The FDA’s original draft proposal contained an extensive section on the health benefits from reduced smoking, including the number of lives that would be saved and the value of those additional lives. Following review by OIRA, this section was deleted and edits were made that weakened language about the FDA’s health concerns over e-cigarettes. OIRA also altered language about restriction of non-“face to face” sales, which will prevent the FDA from regulating online sales of tobacco products, a platform that is used by children because of the difficulty in verifying the age of the person making the purchases. Even worse, in a blatant display of White House acquiescence to industry interests, “premium cigars” could be exempt from regulation altogether.

As if this weakened rule wasn’t bad enough, in a preliminary assessment of the benefits of regulating e-cigarettes, OIRA included a 70 percent discount to account for the “lost pleasure” that would result from reductions in tobacco use. In other words, if the health benefits of this new regulation were estimated to be $1 billion, they would be reduced by 70 percent to just $300 million because people will “lose pleasure” from smoking fewer cigarettes.

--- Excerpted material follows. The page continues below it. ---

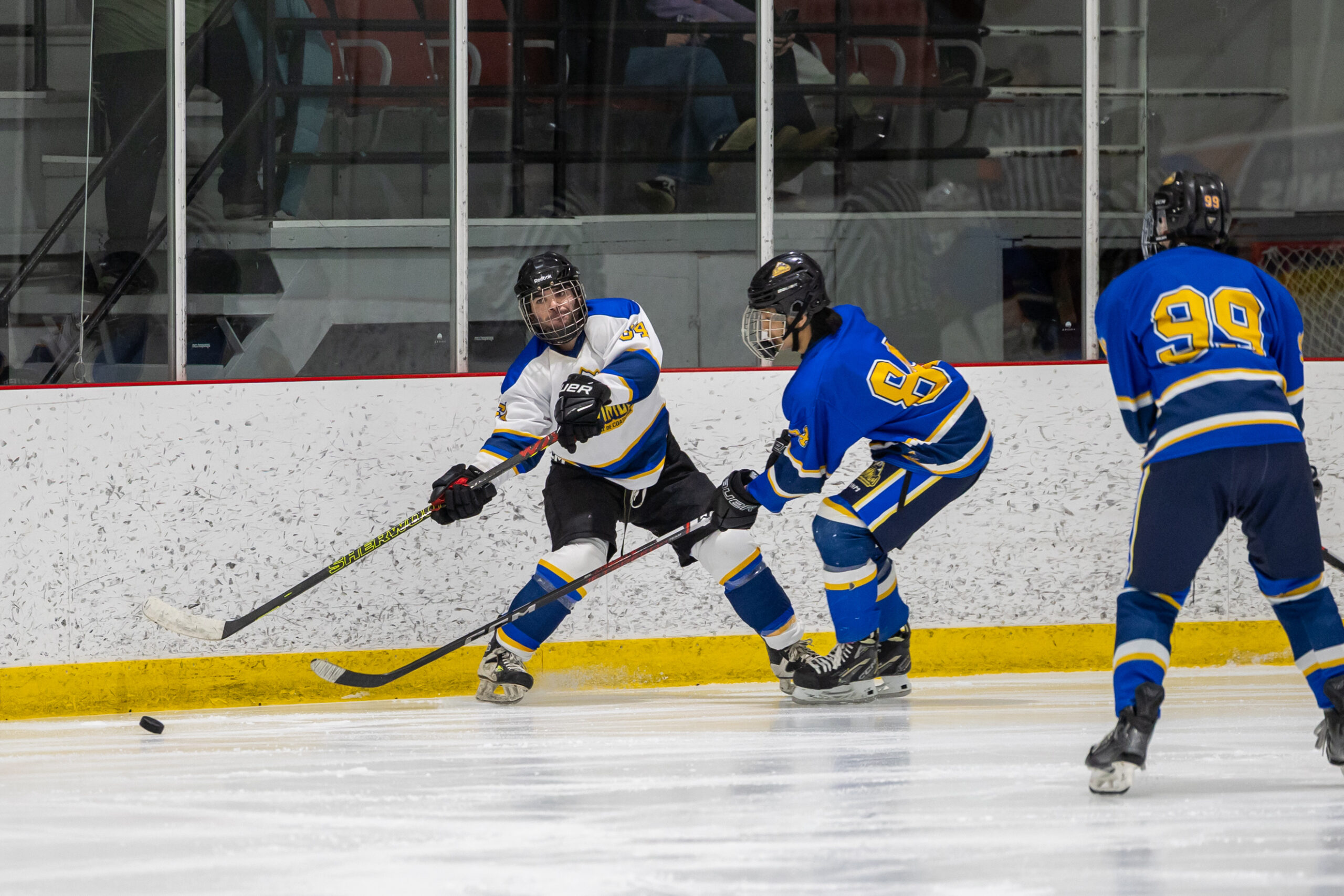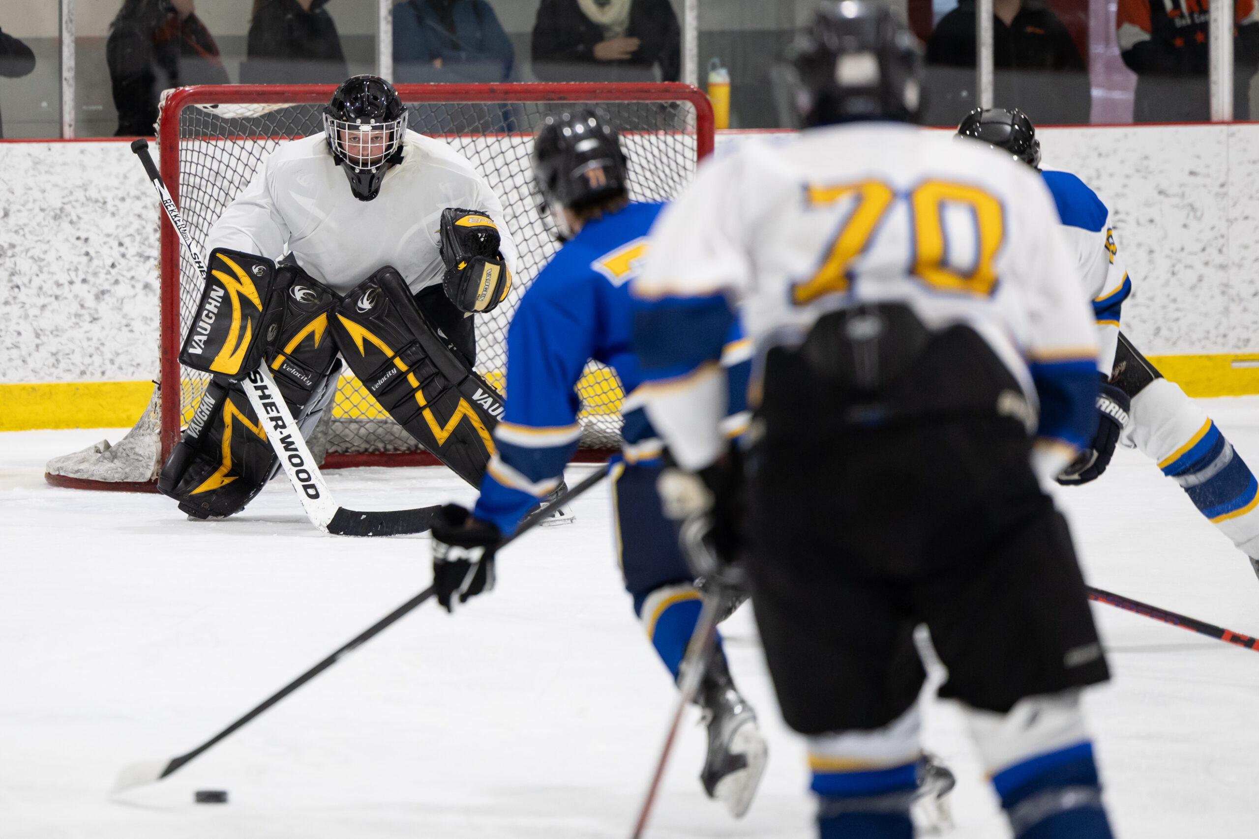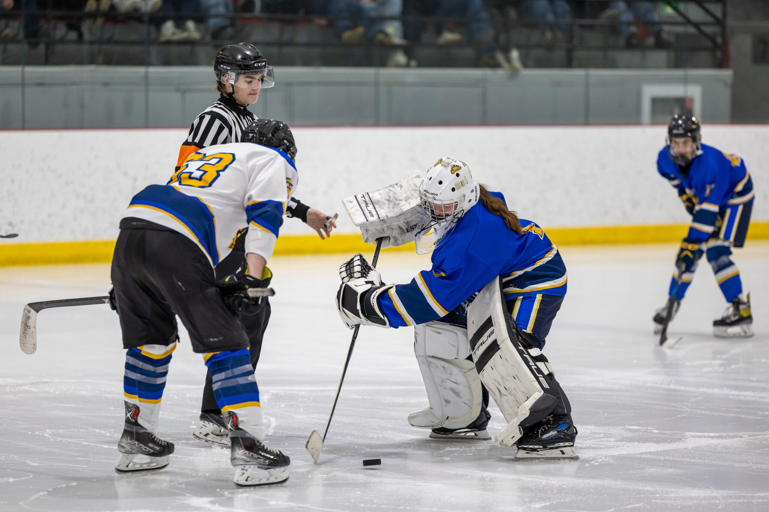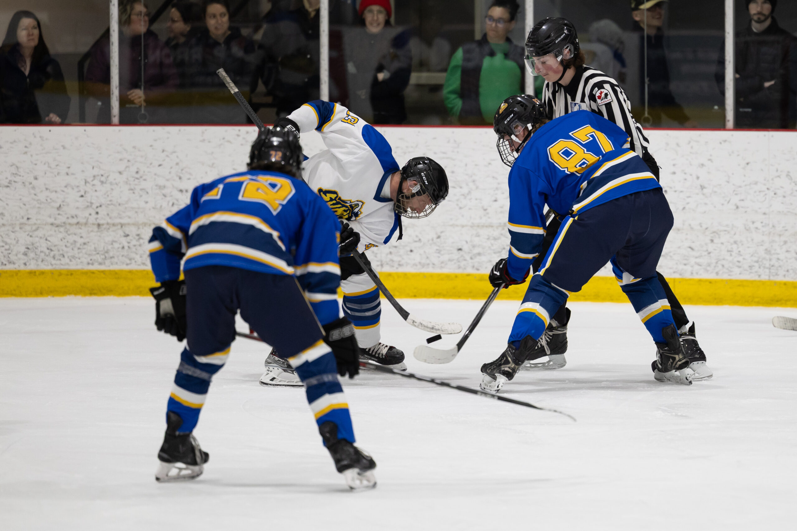 Pour clore en beauté la semaine Prof vs Élèves, l’équipe de hockey M18 de l’école a affronté nos meilleurs patineurs parmi les membres du personnel, lors d’un match enlevant tenu le jeudi 2 avril dernier. Rivalité amicale, intensité sur la glace et stratégies étaient au rendez-vous ! Ce duel sportif a offert un excellent spectacle aux élèves de l’école venus les encourager et a permis de renforcer l’esprit d’équipe et la camaraderie entre élèves et enseignants. Un moment mémorable que nous sommes heureux de partager avec vous en images !

Cost-benefit analysis has long been a tool used by industry to weaken, delay or prevent the imposition of new regulation by government agencies. U.S. agencies routinely determine the potential costs and benefits of their rules and, in certain instances, are required to prove that the benefits of a proposed rule outweigh the costs of its implementation. While this may seem like a sensible request at face value, its real application has been devastating for public protection: costs of compliance are often overstated by industry, while non-quantifiable societal benefits are undervalued. How do we quantify the value of a saved IQ point in children not exposed to lead, or the value of a measure of increased privacy for online consumers?

Not only will this “lost pleasure” approach make it much more difficult for government agencies to regulate tobacco, but this principle also could be applied to other sectors to weaken protections against trans-fat-loaded fast food, alcohol consumption and even reckless driving. Some people find it fun to drive really fast on the highway, but does that mean we should deduct a measure of “lost pleasure” from the benefits we derive from speeding laws the next time state legislatures propose traffic rules? “It will undermine anything they try to do about anything,” said Dr. Stanton Glantz, a tobacco control expert and professor of medicine at the University of California, San Francisco.

Even more complicating is the fact that tobacco products contain highly addictive nicotine. Consumer surplus, the economic principle for which this “lost pleasure” discount is based, relies on the assumption that consumers will act rationally in determining whether or not to purchase a product. Highly addictive substances and practices make this rational thinking next to impossible – just think back to World War II, when desperate Europeans traded their scarce food rations on the black market for cigarettes!

Jonathan Gruber, a health economist at MIT whose work was cited by the FDA as a source for their 70 percent calculation, thought the choice to account for consumer surplus in this instance was wrong. “I think this is really a misapplication of my work.”
When corporate interests override the public interest and dominate the policymaking process, government agencies can’t do their job to safeguard public health. The U.S. needs a regulatory system that puts American families, children and consumers first. Let the FDA know what you think about its proposal as it accepts public comment through Aug. 8.